[Source records]
"""
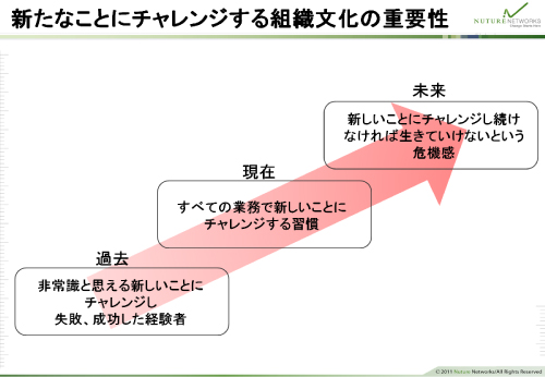 1つは「新しいことにチャレンジすること」を実践しつづけることで「非常識と思える新しいことに チャレンジし失敗、成功した経験者」を数多く生み出すことである。正確に言うと「失敗」という概念は無く、未来の成功の材料なのである。実際新規事業、新製品、新規営業の成功の要素を確認してみると、その多くは過去の「失敗」からの学習である。重要なことは、他社よりも、成功の要素となる学習を質、数ともに蓄積することと言える。
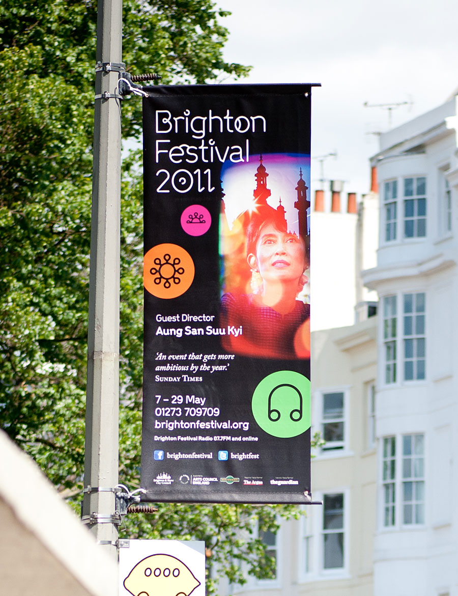 Harrison Agency used Progress Two for their graphics for the Brighton Festival in 2011 and 2012. However, there is clearly something about the typeface they don’t like as in both cases they adapted it quite extensively. For 2011 as Aung San Suu Kyi was Guest Director they referenced Burmese script, and for 2012 they referenced the work of Charles Rennie Mackintosh.
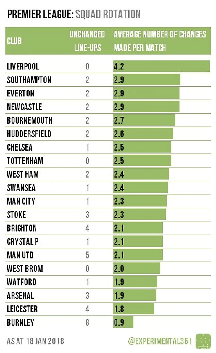 «Ливерпуль» тут, конечно, вне конкуренции. Ни разу за 23 тура не играли тем же составом, что и в прошлом матче + меняют игроков довольно часто.
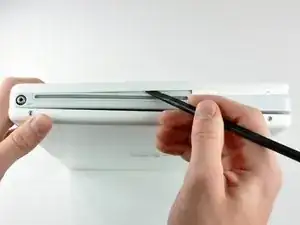 Над оптическим приводом находятся три защёлки, которые необходимо отпустить перед снятием нижнего корпуса. Вставьте лопаточку в нижний корпус над оптическим приводом и проведите её к задней части компьютера, пока не услышите три отчётливых щелчка.
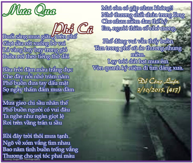 Mưa buồn, phố cũ, đã làm tôi tức cảnh sinh tình nhớ đến người xưa. Em giờ đã xa xôi...ĐCL
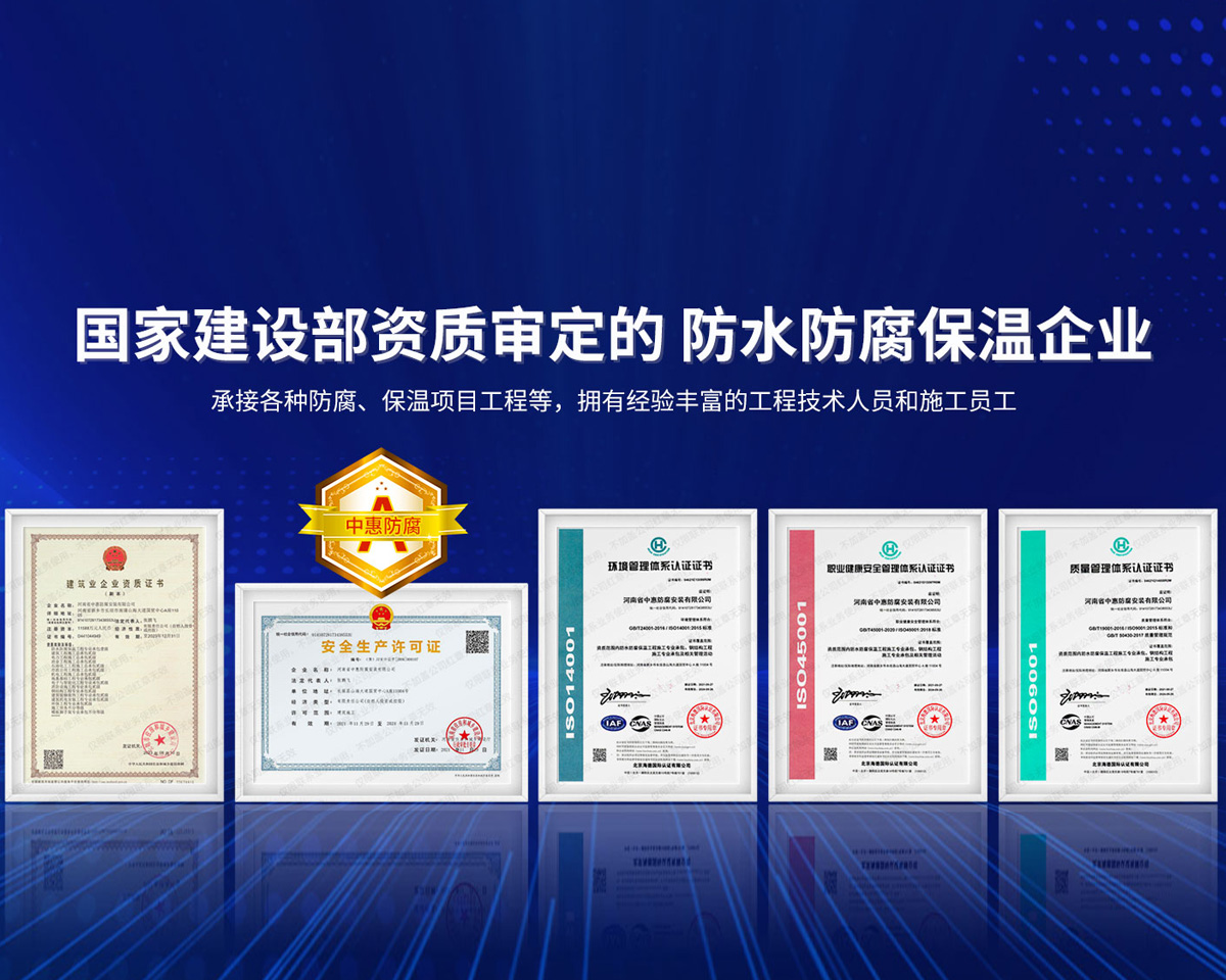 公司經營范圍:防水防腐保溫工程;消防設施工程;建筑裝修裝飾工程;建筑機電安裝工程;電力工程;建筑工程;石油化工工程;工業清洗工程;油罐清洗工程;鋼結構工程;環保工程;模板腳手架工程;電纜防火封堵、防污閃噴涂、外墻外保溫工程;各類施工勞務作業;設備維修、船舶鉚焊、涂裝;電力工程材料、建材、防水材料、防火材料、防腐保溫材料銷售,并相繼通過了GB/T19001-2008idtISO9001:2008GB/T50430-2007質量管理體系認證證書。GB/T24001-2004idtISO14001:2004環境管理體系認證證書。GB/T28001-2011idtOHSAS18001:2007職業健康安全管理體系認證證書。公司是中國防腐蝕于防護協會、中國施工企業管理協會、電力協會和中國鋼結構防水協會會員單位。 公司的經營業務涵蓋了石油、化工、電力、冶金、煤炭、船舶、國防、燃氣、水利、環保、交通運輸、航空及國防軍工和輕紡市政等行業的防腐保溫絕熱設備。鋼結構安裝、防火、防水、金屬噴鍍、聚脲噴繪、陰極保護、防滲透堵漏、玻璃鋼及各種磚版材料襯里、橡膠襯里、煙氣硫和耐酸溶劑腐蝕等工程施工。公司連續十年榮獲“省市先進施工企業”“安全生產先進單位”“重合同,守信用企業”和“AA***資質企業”的稱號。2000年被命名為市級文明單位,2002年被國家工商行政管理局命名為“重合同,守信用的企業”、被中國工業防腐蝕技術協會命名為“防腐蝕企業,能源節約及環境保護領域有豐富的經驗和***的業績。工程一次交驗合格率100%。其中攀枝花鋼鐵公司煉鐵廠四號高爐及熱風爐防腐工程、上海寶鋼公司煤氣柜防腐工程、撫順石油一廠裝置防腐項目、齊魯石化公司稀烴廠高塔防腐工程、吉林化學工業公司煉油廠油罐防腐工程、天津石化熱電廠六號爐頂棚聯絡管保溫工程、大慶油田(太倉)力神泵業工程、中國化學工程第十一建設工程、中原油田勘探局工程、中國石化銷售有限公司華北分部、魯皖輸油管道工程、貴州開磷息烽合成氨工程、陜西黃陵煤化工程、中國石油天然氣西部管道塔里木輸油工程、邯鋼集團邯寶鋼鐵公司煉鐵工程、德州供電工程、吉寶(南通)船廠工程,偃師華潤熱力工程、鄭州熱力總公司。 河南省中惠防腐安裝有限公司愿以豐富的施工經驗,***的技術,***的設備,***的管理,***的服務,竭誠為國內外廣大的用戶提供***滿意、******的工程作品。 我公司愿與國內外同仁一道,團結協作,共同推進防腐蝕行業發展! 公司地址:河南省長垣縣建設路北段360號 固定電話:0373-8866488 郵編:453400 網址:http://www_zhff_com_cn.aytc35i.com
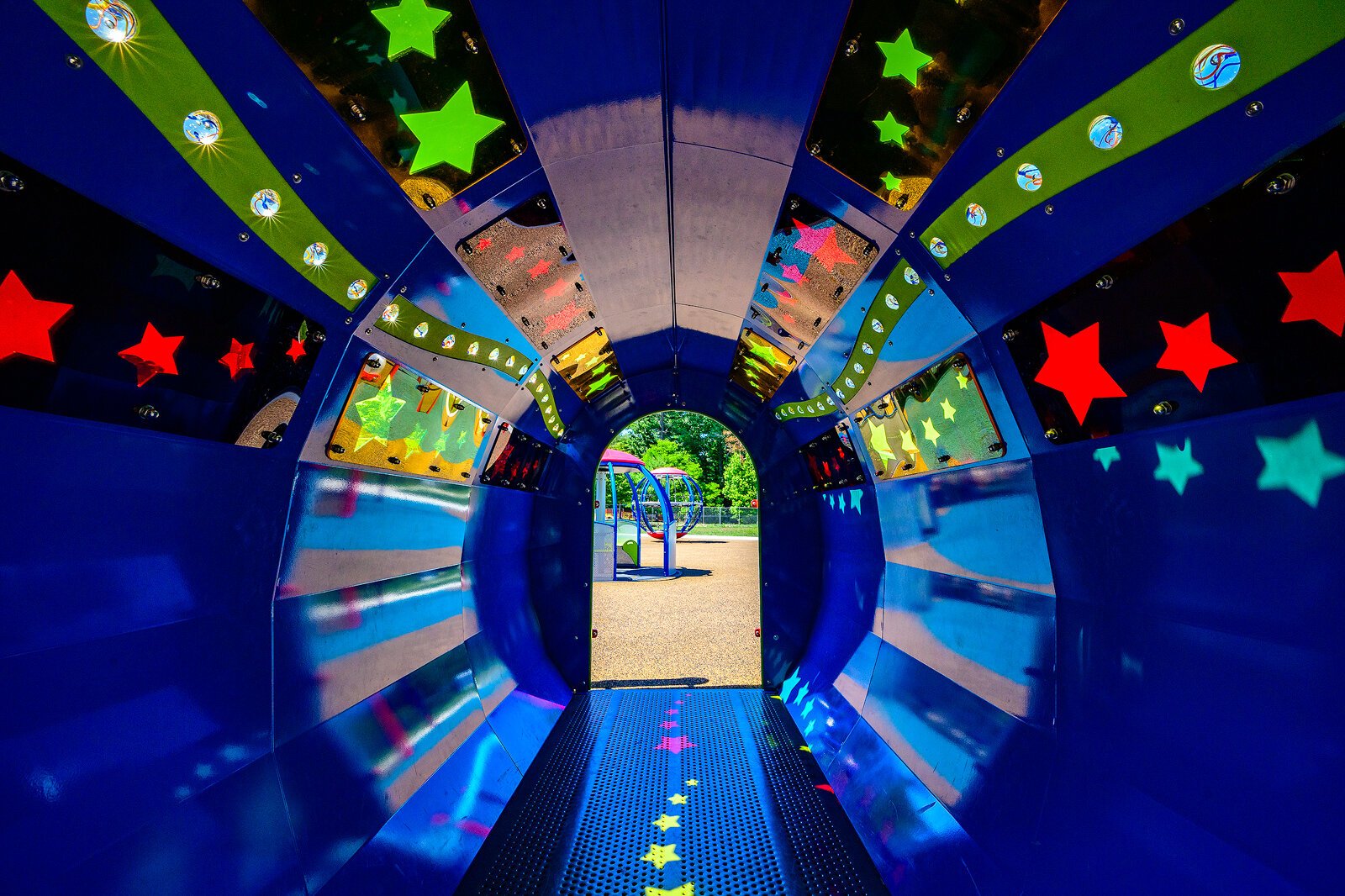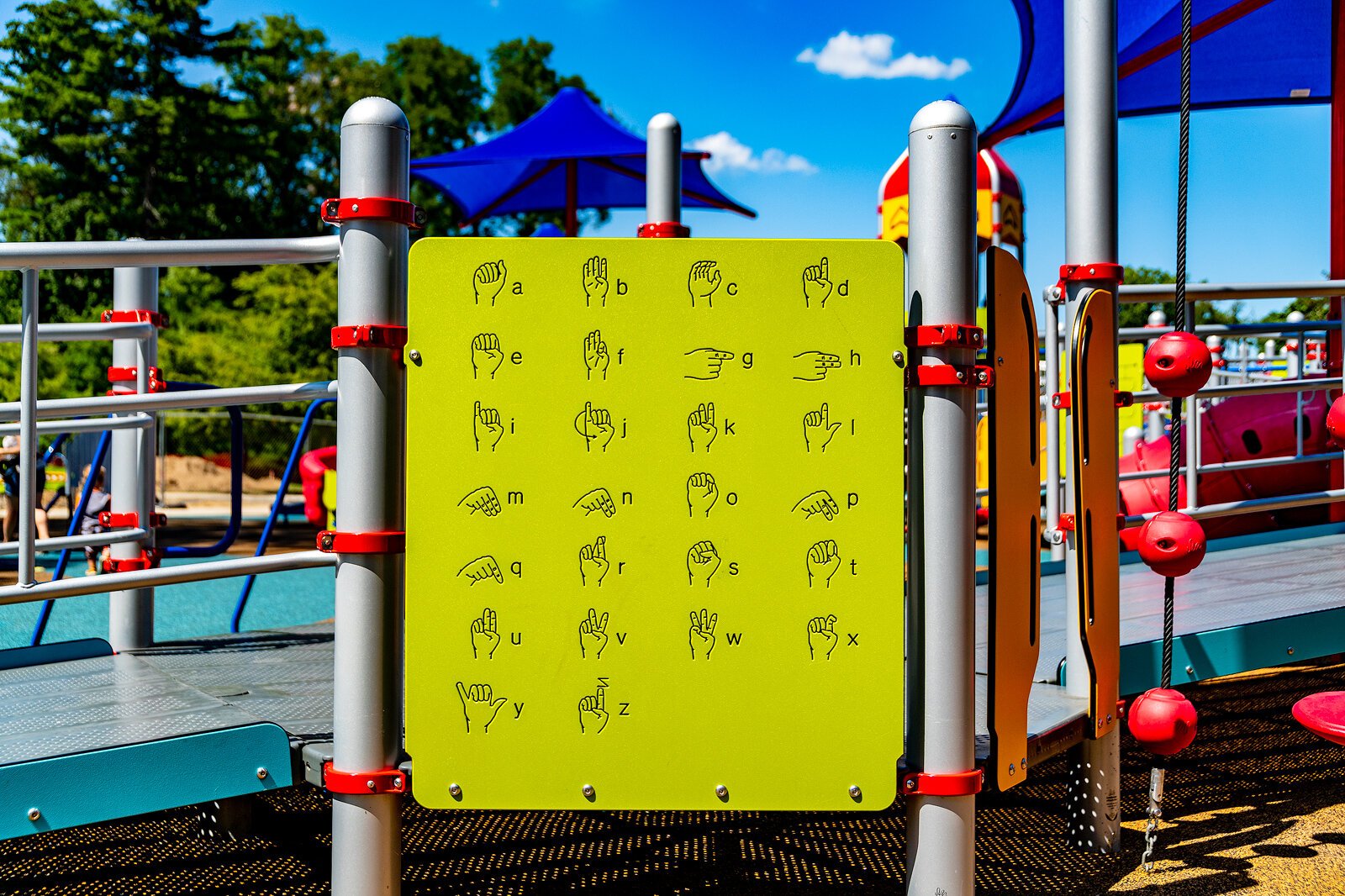 The design allows children of different abilities to play together with platforms and play areas that are easily accessible by wheelchair. Another project in DeWitt, the Miracle League Field has replaced the rough surfaces of a traditional baseball diamond with a rubberized surface that makes it easier for athletes using wheelchairs and walkers to play.
"""
* Task directions
Reproduce the data above verbatim, minus any images.

* Final answer
 1つは「新しいことにチャレンジすること」を実践しつづけることで「非常識と思える新しいことに チャレンジし失敗、成功した経験者」を数多く生み出すことである。正確に言うと「失敗」という概念は無く、未来の成功の材料なのである。実際新規事業、新製品、新規営業の成功の要素を確認してみると、その多くは過去の「失敗」からの学習である。重要なことは、他社よりも、成功の要素となる学習を質、数ともに蓄積することと言える。
 Harrison Agency used Progress Two for their graphics for the Brighton Festival in 2011 and 2012. However, there is clearly something about the typeface they don’t like as in both cases they adapted it quite extensively. For 2011 as Aung San Suu Kyi was Guest Director they referenced Burmese script, and for 2012 they referenced the work of Charles Rennie Mackintosh.
 «Ливерпуль» тут, конечно, вне конкуренции. Ни разу за 23 тура не играли тем же составом, что и в прошлом матче + меняют игроков довольно часто.
 Над оптическим приводом находятся три защёлки, которые необходимо отпустить перед снятием нижнего корпуса. Вставьте лопаточку в нижний корпус над оптическим приводом и проведите её к задней части компьютера, пока не услышите три отчётливых щелчка.
 Mưa buồn, phố cũ, đã làm tôi tức cảnh sinh tình nhớ đến người xưa. Em giờ đã xa xôi...ĐCL
 公司經營范圍:防水防腐保溫工程;消防設施工程;建筑裝修裝飾工程;建筑機電安裝工程;電力工程;建筑工程;石油化工工程;工業清洗工程;油罐清洗工程;鋼結構工程;環保工程;模板腳手架工程;電纜防火封堵、防污閃噴涂、外墻外保溫工程;各類施工勞務作業;設備維修、船舶鉚焊、涂裝;電力工程材料、建材、防水材料、防火材料、防腐保溫材料銷售,并相繼通過了GB/T19001-2008idtISO9001:2008GB/T50430-2007質量管理體系認證證書。GB/T24001-2004idtISO14001:2004環境管理體系認證證書。GB/T28001-2011idtOHSAS18001:2007職業健康安全管理體系認證證書。公司是中國防腐蝕于防護協會、中國施工企業管理協會、電力協會和中國鋼結構防水協會會員單位。 公司的經營業務涵蓋了石油、化工、電力、冶金、煤炭、船舶、國防、燃氣、水利、環保、交通運輸、航空及國防軍工和輕紡市政等行業的防腐保溫絕熱設備。鋼結構安裝、防火、防水、金屬噴鍍、聚脲噴繪、陰極保護、防滲透堵漏、玻璃鋼及各種磚版材料襯里、橡膠襯里、煙氣硫和耐酸溶劑腐蝕等工程施工。公司連續十年榮獲“省市先進施工企業”“安全生產先進單位”“重合同,守信用企業”和“AA***資質企業”的稱號。2000年被命名為市級文明單位,2002年被國家工商行政管理局命名為“重合同,守信用的企業”、被中國工業防腐蝕技術協會命名為“防腐蝕企業,能源節約及環境保護領域有豐富的經驗和***的業績。工程一次交驗合格率100%。其中攀枝花鋼鐵公司煉鐵廠四號高爐及熱風爐防腐工程、上海寶鋼公司煤氣柜防腐工程、撫順石油一廠裝置防腐項目、齊魯石化公司稀烴廠高塔防腐工程、吉林化學工業公司煉油廠油罐防腐工程、天津石化熱電廠六號爐頂棚聯絡管保溫工程、大慶油田(太倉)力神泵業工程、中國化學工程第十一建設工程、中原油田勘探局工程、中國石化銷售有限公司華北分部、魯皖輸油管道工程、貴州開磷息烽合成氨工程、陜西黃陵煤化工程、中國石油天然氣西部管道塔里木輸油工程、邯鋼集團邯寶鋼鐵公司煉鐵工程、德州供電工程、吉寶(南通)船廠工程,偃師華潤熱力工程、鄭州熱力總公司。 河南省中惠防腐安裝有限公司愿以豐富的施工經驗,***的技術,***的設備,***的管理,***的服務,竭誠為國內外廣大的用戶提供***滿意、******的工程作品。 我公司愿與國內外同仁一道,團結協作,共同推進防腐蝕行業發展! 公司地址:河南省長垣縣建設路北段360號 固定電話:0373-8866488 郵編:453400 網址:http://www_zhff_com_cn.aytc35i.com
 The design allows children of different abilities to play together with platforms and play areas that are easily accessible by wheelchair. Another project in DeWitt, the Miracle League Field has replaced the rough surfaces of a traditional baseball diamond with a rubberized surface that makes it easier for athletes using wheelchairs and walkers to play.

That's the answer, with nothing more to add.